Post #689: Statistical comparison of states re-opening and not, first revisit

Posted on May 13, 2020

As of the 5/11/2020 data, there remains no material difference between these two groups of states in terms of their trend in COVID-19 cases. That said, it’s still probably too soon to expect to see any difference.

Detail follows.

In Post #685, I took the New York Times definition of which states were re-opening and which were not, and set up a comparison between them.

On average, the “re-opening” states were far more rural, and had a far lower average case load (COVID-19 cases per capita).  And , by the luck of the draw (or perhaps because the virus cannot distinguish Republicans from Democrats), the two sets of states had near-identical percentage growth rates in their COVID-19 cases.

That set up an obvious “pre-post-with-control” statistical comparison.  Taking May 1 as “the opening date”, if re-opening materially increases transmission of disease, we ought to see those trends begin to diverge some time after that.  So it’s a pre-and-post May 1 comparison between the early-reopening states (the “treatment” group) and the late-reopening states (the “control” group).

There are, of course, many caveats.

First, any difference should take quite a while to show up.  That’s for a number of reasons, including but not limited to:

  1. The disease incubation period (mean five days from infection to symptom onset);
  2. Reporting lag (at least five days, probably longer, on average, between symptom onset, seeking medical help, and having the case enter the official counts);
  3. A generally “soft”, partial-and-measured re-opening, where only a subset of business re-opened, at something less than capacity, and with a less-than-enthusiastic average response from the public.
  4. Some staggering of the opening dates — some of these states began re-opening before May 1, some states began a few days after May 1.
  5. Churches — in my mind, a likely source of infection spread — typically only meet weekly, and many appeared unprepared to resume services on 5/1/2020.

So why did I run the numbers, if I didn’t really expect to see a result?  I wanted to be sure that I didn’t see a result.  In other words, this initial run-through was more-or-less a check on the methods.  I’d like to be sure that I don’t see results, where I shouldn’t see results.

Second, it’s entirely possible that this analysis will never show results.  Again, for lots of good reasons, including but not limited to:

  1. At some point, all the states will re-open businesses, so I lose my comparison group.
  2. States may cheat if the numbers turn against them.  I hear that Florida has already started changing the numbers, excluding nursing homes and other “outbreaks” from their data.
  3. The variation in how states go about this may add so much random “noise” that it may swamp any systematic differences.
  4. Variation in the extent to which state populations embrace the re-opening of business, ditto.

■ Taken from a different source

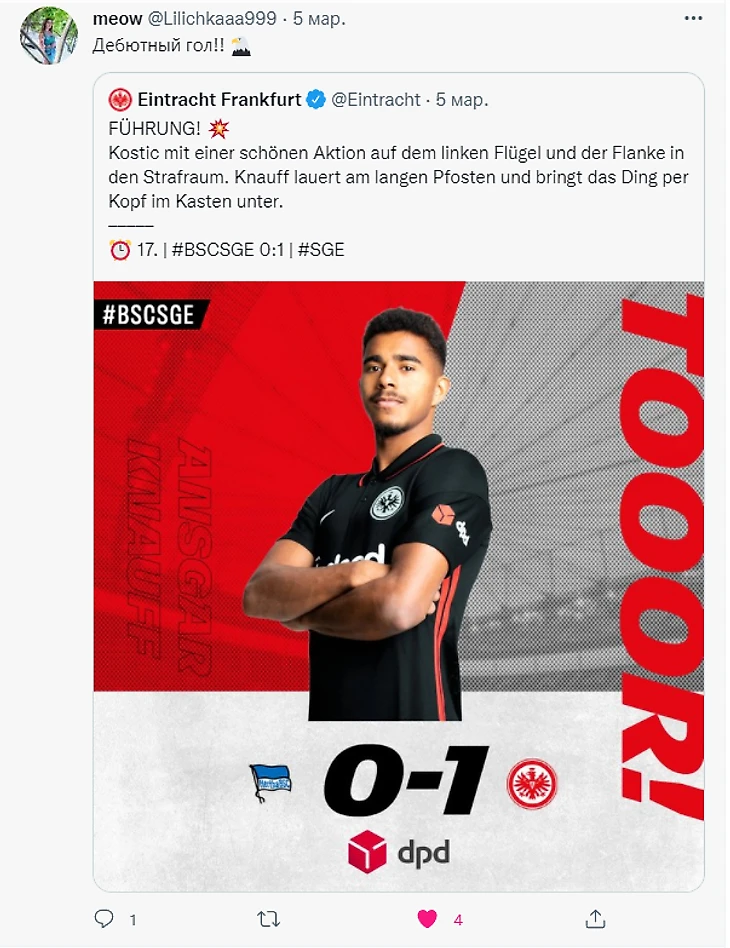 Из важных событий: первый мяч Ансгара Кнауффа за «Айнтрахт», издевательский артиллерийский гол Йеспера Линдстрёма по пустым воротам и долгожданный точный выстрел колумбийца Борре – первый за 2 месяца.

So why do this at all?  Because any reasonably systematic approach beats the baloney you are going to read in various news services.  Newspaper reporters naturally focus on click-bait — the outliers, the worst cases, and the eye-catching numbers.  Fox News and similar can be relied upon to suppress anything that appears to question this policy.  And so on.

Can this analysis be improved?  Sure, and I may try to do that, by looking at the nuances of just exactly when, where, and how states re-opened businesses.  But that’s a lot of work.  And, frankly, unless there’s some whopping big effect at the us-versus-them level, there will probably be no impact on people’s thinking, anyway.

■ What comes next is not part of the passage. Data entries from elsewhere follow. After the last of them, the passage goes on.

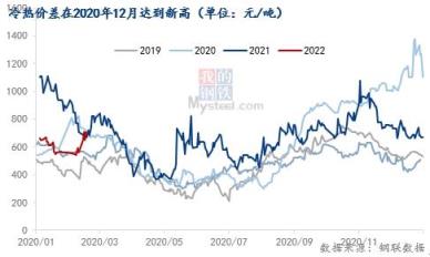 去年同期(2021年2月),由于汽車以及直接出口需求旺盛,冷軋強熱軋弱的局面明顯,冷軋總庫存累庫高度同比降幅達20%,冷熱價差也拉到新高,月均值達800元/噸以上。在去年同期冷軋“如火如荼”的行情襯托下,顯得今年的冷軋春天愈發“寒冷”。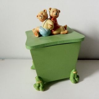 Adorable cajita de madera decorada con dos ositos sentados en la tapa y unas simpáticas ranitas como patas. Pintada, verde. Muy bonita para entregar llena de algún pequeño regalo o caramelos, bombones... #caja #cajita #cajitadecorativa #cajitaregalo - Diseño infantil. - Tapa con figuras de ositos. - Patas con forma de ranita.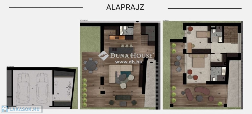 B1 lakás, földszint: lakótér 123 m2 +nyitott terasz 88 m2 + saját kert: 253 m2

What I think will be the most interesting is whether there will be even one state, or even one large city, that has to backtrack on their re-opening policy.  Given the wide variability of the disease, of the transmission routes, and so on, you’d certain expect that there would be.

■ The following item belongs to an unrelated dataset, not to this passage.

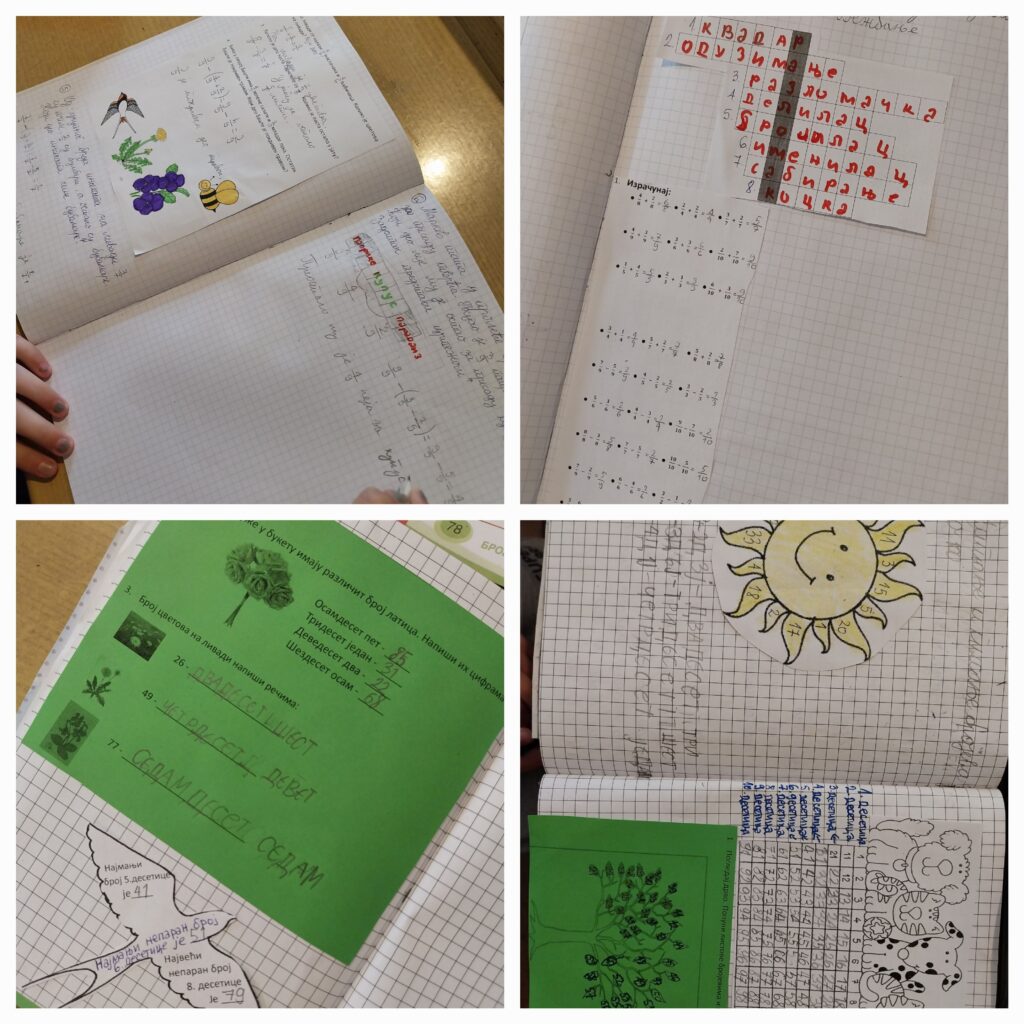 На часу математике, наставне јединице 1. разред Читање и писање бројева до 100 – обрада са учеником је обрађена наставна јединица а задаци на листићима су били у духу весника пролећа, природе, инсеката. У 4.разреду утврђивањем Сабирање и одузимање разломака истих именилаца,садржај тектуалних задатака тематски је прилагођен како текстом тако и изгледом листића у духу пролећа.

If not, that suggests that there are common-but-unknown factors that are affecting this, outside of explicit public health policy.  Weather, phases of the moon, wrath of the gods, who knows.

Or, my favorite, the likelihood of aerosol (airborne) transmission being the single largest remaining source of new infections outside of the residential setting.  Because if that’s the case, nobody has warned the population to take appropriate precautions against that.  (E.g., keep the windows open.)  We all remain equally ignorant and unprepared, thanks to the CDC’s unwillingness to admit to the likelihood of aerosol (airborne) transmission of this disease.